On one of the most enjoyable tracks on the record ‘Pachinko Song’, the narrator goes one step further by travelling across to the other side of the world to escape a bad influence. A running-machine beat and a Hall & Oates sparkle accompany a story about a woman who “ran through Tokyo hoping to find a place where only I could be (alone)“, but she still can’t hide from her ex-lover’s presence. Pachinko is named after a type of gambling slot machine in Japan and the song is destined to have a great music video accompaniment.

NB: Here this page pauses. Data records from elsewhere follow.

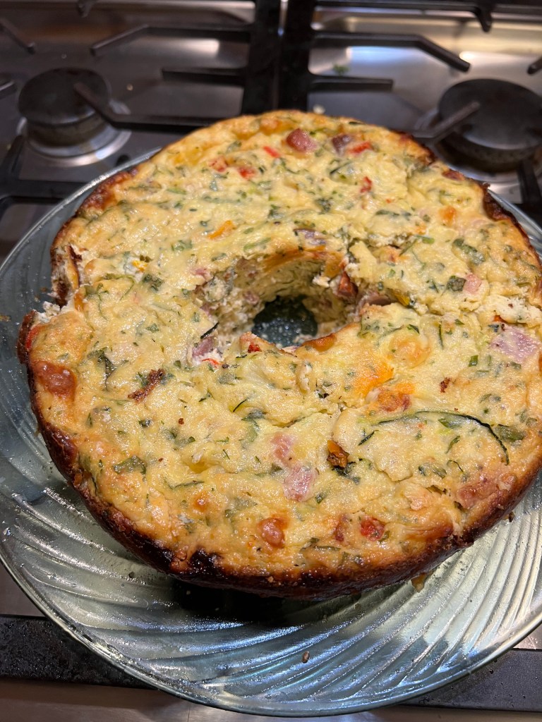 When you have friends with gardens that are overflowing with zucchini, you just have to step in and help. I made stuffed zucchini, zucchini frittata, zucchini bread, fried zucchini flowers, and roasted zucchini. I started to look for something new and different to make with this versatile squash. I found a recipe in one of my recipes sites and decided to try it out. Now usually, I look at the recipe and I adjust it automatically, but this time I decided to make it as it was written. Well, the consensus of my taste testers was that it was just okay, the texture was fine, the mint was overpowering, and it just didn’t have enough zest. I decided to use almond flour this time to make it gluten free and add a different texture, I increased the cold cuts, ricotta, mozzarella, and used a combination of basil and parsley. The results of this version were well received and deemed a winner. Ciambella in Italian translates to donut, so this is a savory donut cake. It’s best served cold or room temperature and make sure it’s cool completely before removing from the tube pan. (a lesson I learned the hard way, good thing I know how to piece things together!)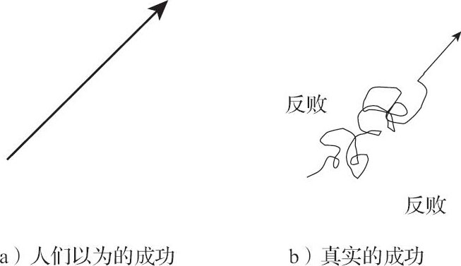 人们以为成功是一马平川的直线(见图1-3a),真实的成功却是一条九曲十八弯的折线(见图1-3b)。这九曲十八弯就是你绕不过去的反败历练。大大小小的反败构成了创业的无限可能,很像取到真经的唐僧师徒闯过的九九八十一难。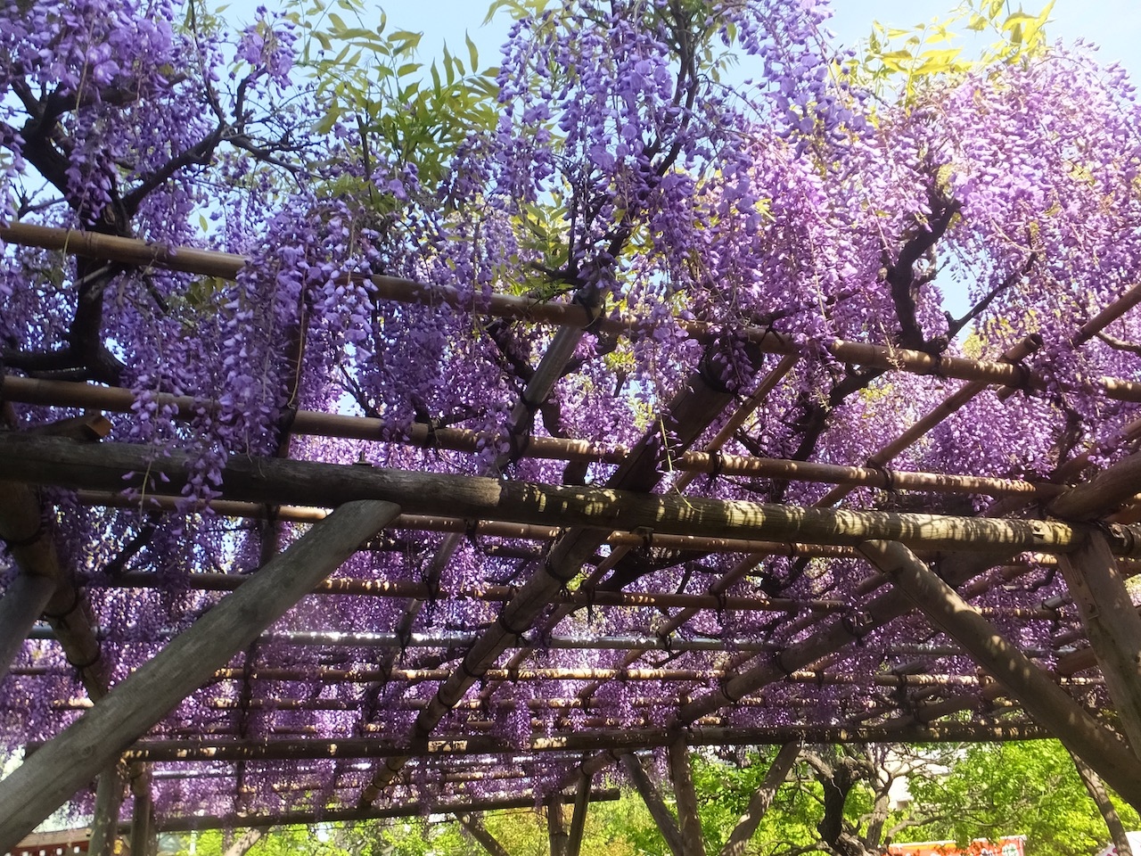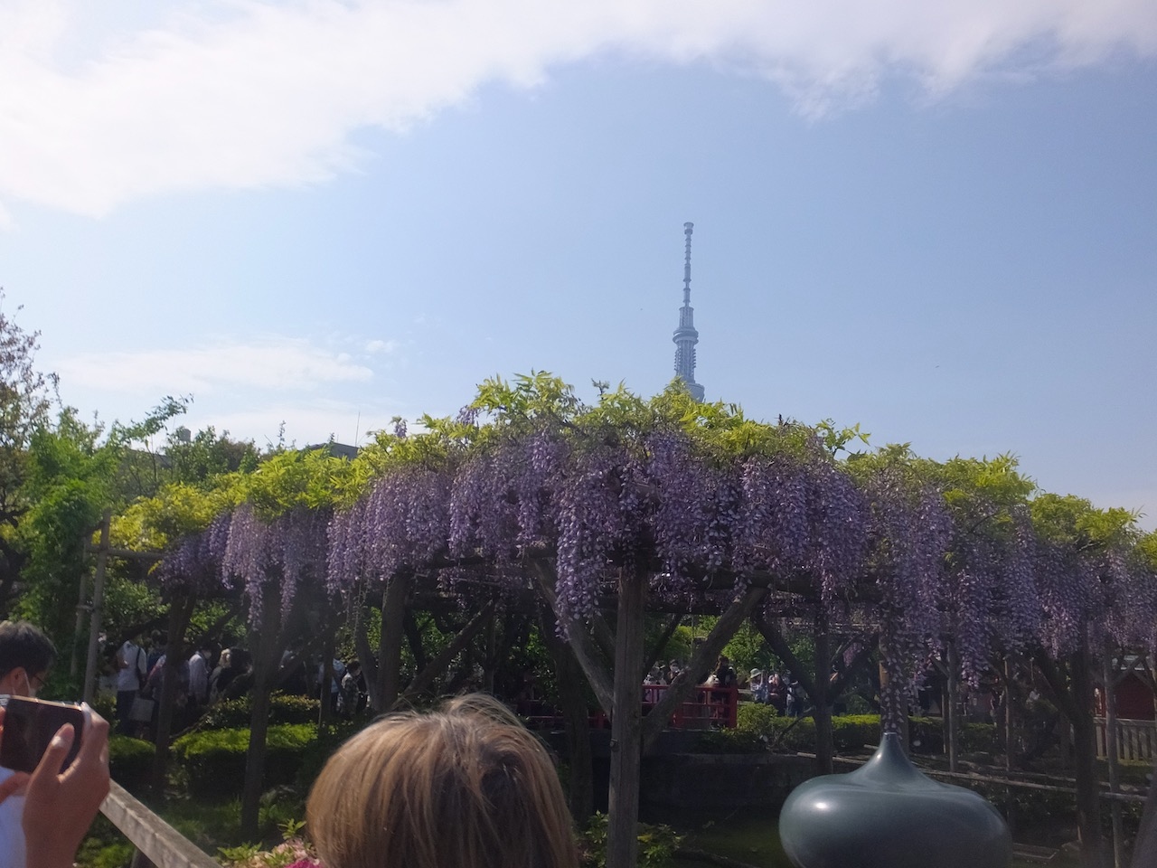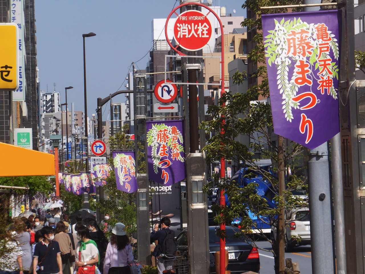フジの花は東京ではゴールデンウィークが見ごろだったはずですが、近年はどんどん開花がはやくなっているようで今回は4月の23日に訪問。ほぼ満開でした。咲き始めがきれいなので、もうちょっと早い方がよかったかもしれません。藤まつりが中止だった2021年にくらべて格段に混雑が増している感じでした。またバス停も列が長く、錦糸町や亀戸駅から歩くのが正解、と感じました。
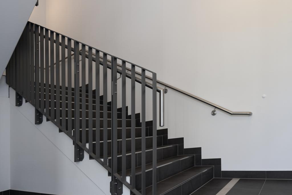 Rauchdichte Glastüren mit Alu-Rahmen führen in das in modernem Anthrazit geflieste Treppenhaus. Das Treppengeländer und eine Wandseite sind mit durchlaufenden Handläufen und einer zweiteiligen Handlaufstütze aus Edelstahlrohr ausgestattet.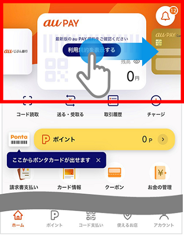 1.「au PAY アプリ」を起動し、トップ画面の上部を右方向にスワイプして、auじぶん銀行を表示させます。

Another piano-track ‘Bruises’ is about persevering with the idea that the emotionally-damaged can have successful relationships in the future and not letting emotional scars hinder this possibility. It has a pleasant nocturnal sombre to it that’s similar to London Grammar as Madeleine expresses her concern: “Looking at my skin, I don’t know where to begin. Can you feel the fingerprints? Bruises don’t convey it in, even run they fade it. They’ve been here ever since.” Furthermore, ‘Analog Love’ – a track that re-captures Lily & Madeleine’s original uncomplicated folk sound from their debut – has lyrics that display the yearning for an uncomplicated relationship. Its lyrics feel like the most genuine because they are born out of the obstacles faced when dating musicians that are always on tour.
Musically, the best track on Canterbury Girls is ‘Can’t Help The Way I Feel’. Although lyrically it lacks depth and is the one of their most straightforward pieces of songwriting, it demonstrates an ambitious leap for Lily & Madeleine vocally and composition style as it sounds like a modern version of popular 60’s girl group The Shangri-Las with its tambourine-shaking, hand clapping and hypnotic psychedelic organ instrumentation. An absolute treat for the ears.
Overall Canterbury Girls has a good balance of Lily & Madeleine’s old style of transparent folk and their new variety of production decisions and conveys its message well of never giving up and always looking after number 1.
Canterbury Girls is released on 22nd February through New West.